Its repeatable read is stronger than the standard requires. It is implemented as snapshot isolation and does not allow phantom reads. Its serializable level adds Serializable Snapshot Isolation (SSI) on top, which detects dependencies among concurrent transactions and aborts one rather than allowing a non serialisable outcome. Because of that, both serializable and repeatable read transactions can fail at commit with a serialization error, and the application must be prepared to retry them.

BEGIN;
SET TRANSACTION ISOLATION LEVEL SERIALIZABLE;
-- ... statements ...
COMMIT;  -- may raise: could not serialize access due to read/write dependencies

How MySQL InnoDB behaves

MySQL with InnoDB defaults to repeatable read, not read committed. This difference alone catches people porting assumptions between the two. InnoDB uses consistent snapshot reads, so within a transaction all plain reads see the snapshot established by the first read.

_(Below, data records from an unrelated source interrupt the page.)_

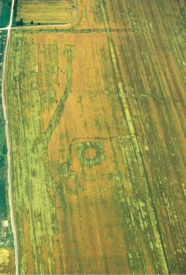 3. Várong–Dari-dűlő középkori lelőhely légi fotója (fotó: Otto Braasch, Pécsi Légirégészeti Téka 17953)
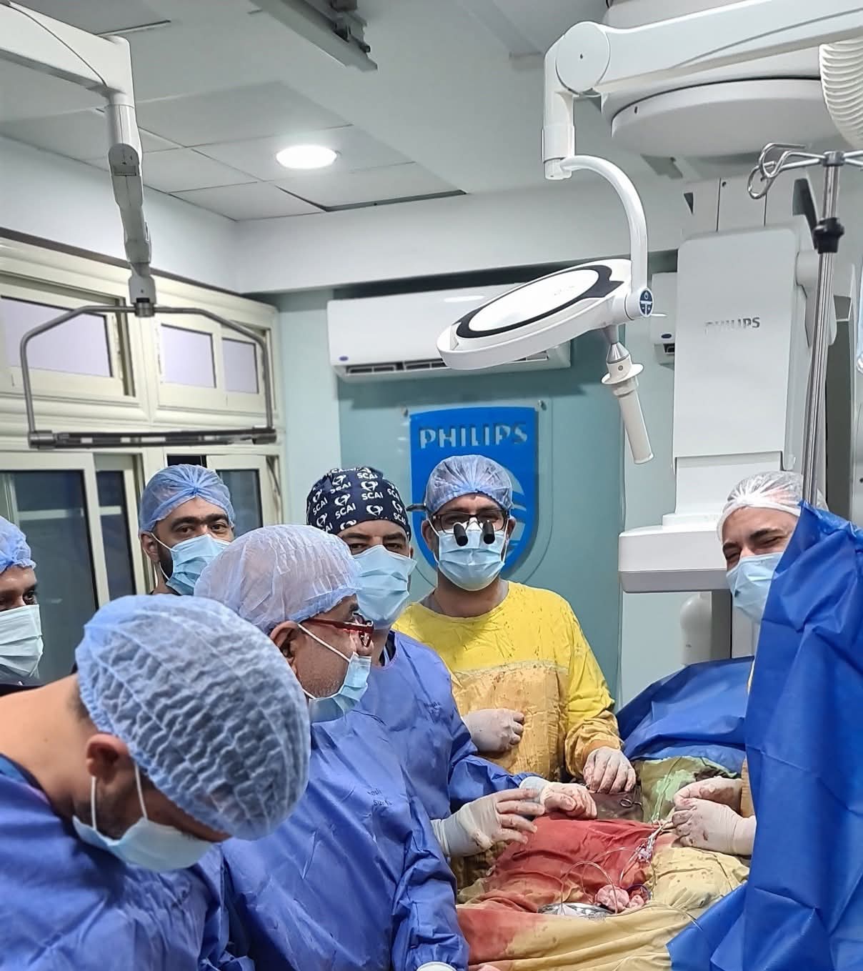 عميد أطباء القلب يشارك أبناءه بمعهد القلب اليوم فى عملية تركيب صمام أورطى
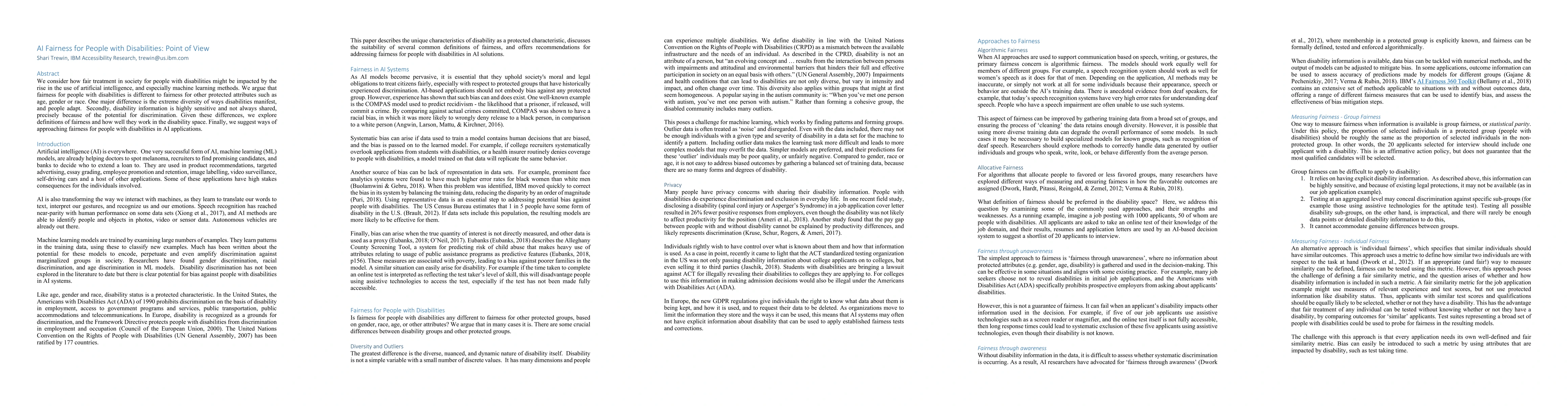 We consider how fair treatment in society for people with disabilities might be impacted by the rise in the use of artificial intelligence, and especially machine learning methods. We argue that fairness for people with disabilities is different to fairness for other protected attributes such as age, gender or race. One major difference is the extreme diversity of ways disabilities manifest, and people adapt. Secondly, disability information is highly sensitive and not always shared, precisely because of the potential for discrimination. Given these differences, we explore definitions of fairness and how well they work in the disability space. Finally, we suggest ways of approaching fairness for people with disabilities in AI applications.

InnoDB prevents phantoms at repeatable read through locking rather than pure snapshotting. It uses next-key locking, which combines an index record lock with a gap lock on the gap before the record, so other transactions cannot insert into the range you are reading. Drop to read committed and gap locking is largely disabled, which lets phantoms reappear. MySQL reaches serializable mainly by locking too: it implicitly turns plain SELECT statements into locking reads. The practical consequence is that the failure you hit under contention in MySQL is usually a lock wait timeout or a deadlock (which rolls back one transaction) rather than the dependency based serialization abort you get in PostgreSQL.

Handling serialization failures

At the strict levels, "the database will sort it out" is not a strategy. Under PostgreSQL serializable, and repeatable read too, a transaction can be aborted to preserve correctness, and the only correct response is to retry it from the beginning. Under MySQL, a deadlock victim is rolled back and likewise needs retrying. Either way, wrap transactions that run at these levels in retry logic with a bounded number of attempts, and make the work inside them idempotent so a retry is safe.

Setting the level

Both engines let you set the level per transaction with SET TRANSACTION ISOLATION LEVEL, choosing from serializable, repeatable read, read committed, and read uncommitted. Set it deliberately based on what the transaction needs: read committed for ordinary work, repeatable read or serializable when a transaction makes decisions based on data it must not see change underneath it.

SET TRANSACTION ISOLATION LEVEL REPEATABLE READ;

Conclusion

Isolation levels are a trade between how much concurrency anomaly you tolerate and how much throughput you keep. Start from the defaults, but know them: PostgreSQL gives you read committed, MySQL InnoDB gives you repeatable read, and the two engines reach the stricter levels by different means, snapshots and SSI in PostgreSQL, gap and next-key locks in MySQL. Raise the level only where a transaction genuinely needs it, and where you do, add retry logic, because at the top of the scale the database will sometimes refuse to commit rather than be wrong.